The plane is supported on the appropriate incline in one embodiment
by a pair of legs. Since the user must be supported during use, a
rail is provided and the cylinder/valve interconnections are
sufficiently compliant and in one embodiment are made of flexible
tubing.
In one embodiment, the tops of the cylinders are interconnected
through the utilization of the variable restricted orifice in a
conduit between the cylinders such that the amount of time that it
takes a given weight individual to descend from an up position to a
down position is controlled by the size of the orifice. The amount
of exercise per cycle per minute is therefore controlled by the
variable orifice. In operation, the person performing the exercise
steps on the "up" stair and rides down with the stair until it
reaches its bottom of travel which is controlled by the bottoming
out of the piston in the cylinder or some other stop mechanism
within the cylinder. At this point he steps up to the "up" stair
which was previously the "down" stair. The process is then reversed
and the user continues his stair climbing-type exercise.

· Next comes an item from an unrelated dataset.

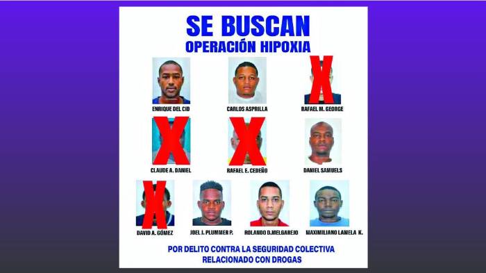 Las autoridades todavía mantienen desplegados los operativos para dar con el paradero de otras seis personas que guardan relación con la Operación Hipoxia. Se trata de: Enrique Del Cid, Carlos Asprilla, Daniel Samuels, Joel Plummer, Rolando Melgarejo y Maximiliano Lamela.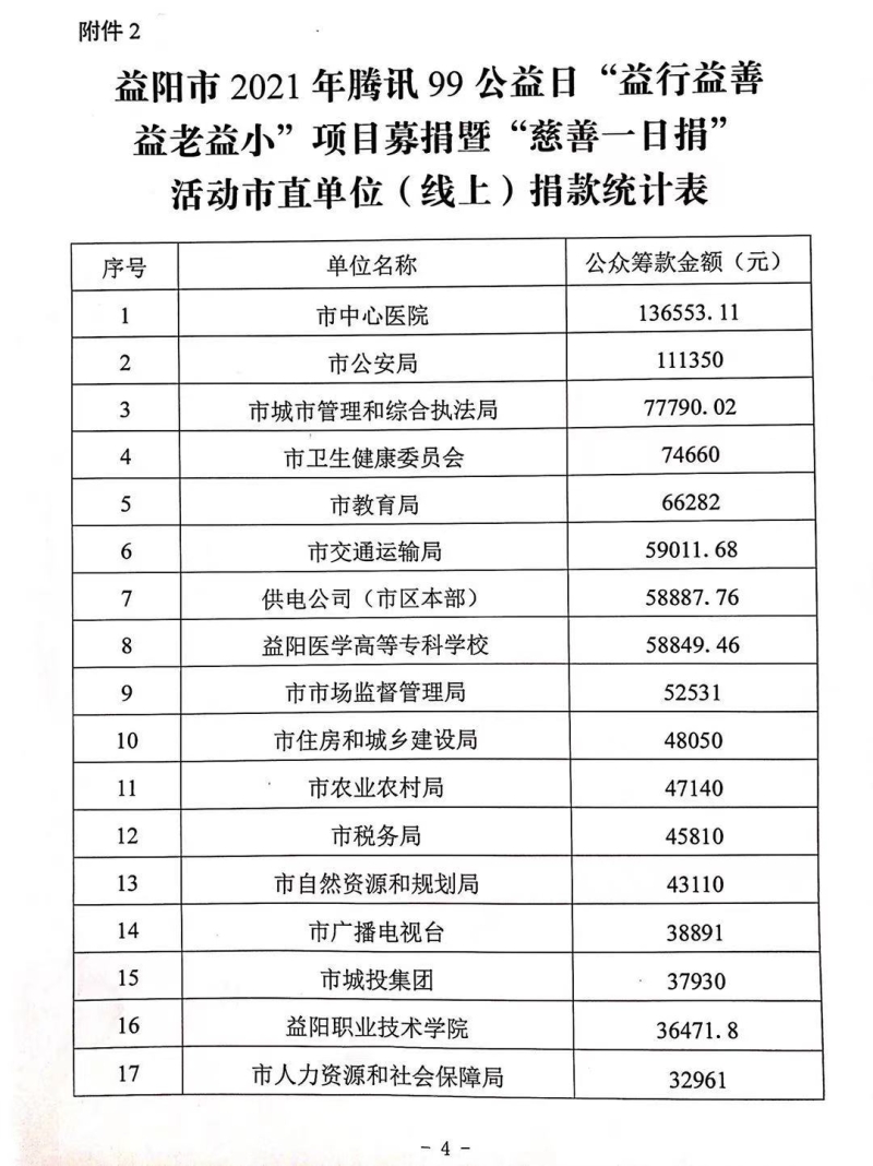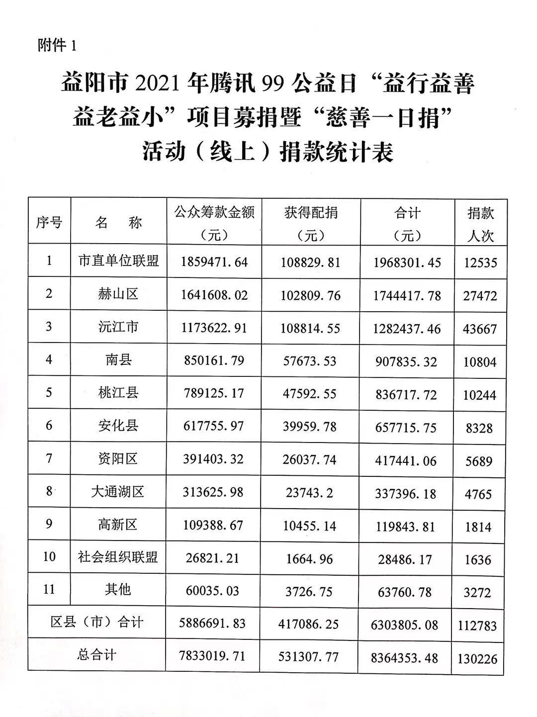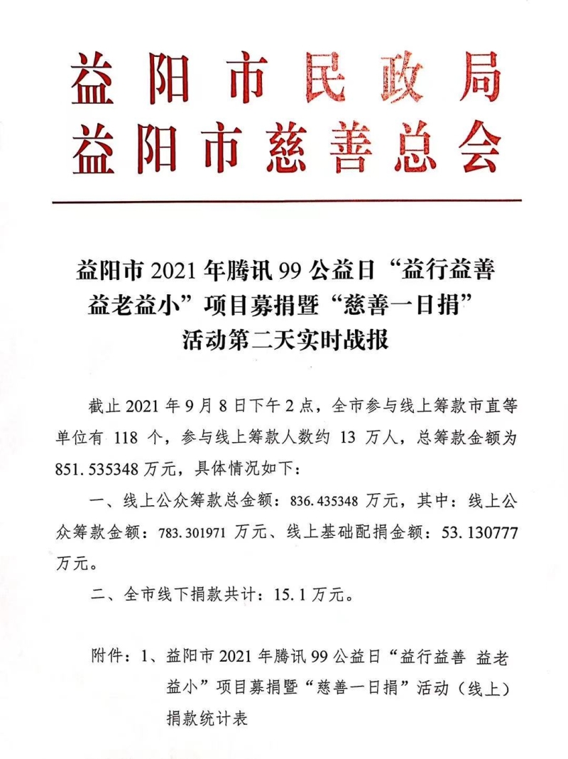 益阳市2021年腾讯99公益日“益行益善 益老益小”项目募捐暨“慈善一日捐”活动第二天实时战报

It will be noted that the cylinders are located in an inclined
vertical plane and are substantially parallel to each other, with
the mounting system being flexible to accommodate a shift of the
stairs on the inclined plane in a lateral direction. What has been
avoided through the utilization of the inclined plane without the
utilization of tracks or guiding devices is that the device can be
manufactured in an exceptionally inexpensive manner without
materially affecting the type of exercise afforded or the safety in
utilizing the device. The stair steps may be provided with wheels
or skids, with the lateral movement of the stair steps being only
constrained by virtue of the piston rods within the piston
cylinders which are resiliently mounted and by the skid or wheel
friction on the inclined plane. Since the force of gravity works
only in a vertical direction, slight swinging of the stair steps
from side to side is not a hinderance to the utilization of the
device and is readily accommodated by the flexible mounting of the
cylinders which support the stair steps. As such, a climbing
simulation exercise device in one embodiment includes an inclined
plane and a pair of interconnected hydraulic cylinders affixed in a
flexible manner to the inclined plane which allows angular movement
of the cylinders with respect to the plane. A pair of steps one
each is hung from the cylinder rods, with each step moving freely
on the inclined plane in a generally inclined vertical direction to
effectuate the stair climbing exercise.
BRIEF DESCRIPTION OF THE DRAWINGS
These and other features of the subject invention will be better
understood taken in conjunction with the detailed description and
the drawings of which:
FIG. 1 is a diagrammatic illustraton of the subject climbing
simulation exercise device illustrating the five major
components;
FIGS. 2A, B and C are, respectively, enlarged top and side views of
cylinder mounting, a step with runners and its attachment to the
associated cylinder, and a side view of the structure of FIG. 2B;
and
FIG. 3 is a schematic illustration of the cylinders, valve and
their interconnection, illustrating the porting and compliance
necessary to facilitate self-aligning operation.
DETAILED DESCRIPTION
The subject climbing simulation exercise device provides for
complaint accommodation and control of the forces exerted on the
device by the user so as to be manufacturable with a minimum of low
cost components and at the same time yield desirable product life
and performance features. Referring now to FIG. 1, in one
embodiment when a user 1 steps onto one of the machine's two steps
2, his weight will cause the step to put cylinder rod 3 in tension.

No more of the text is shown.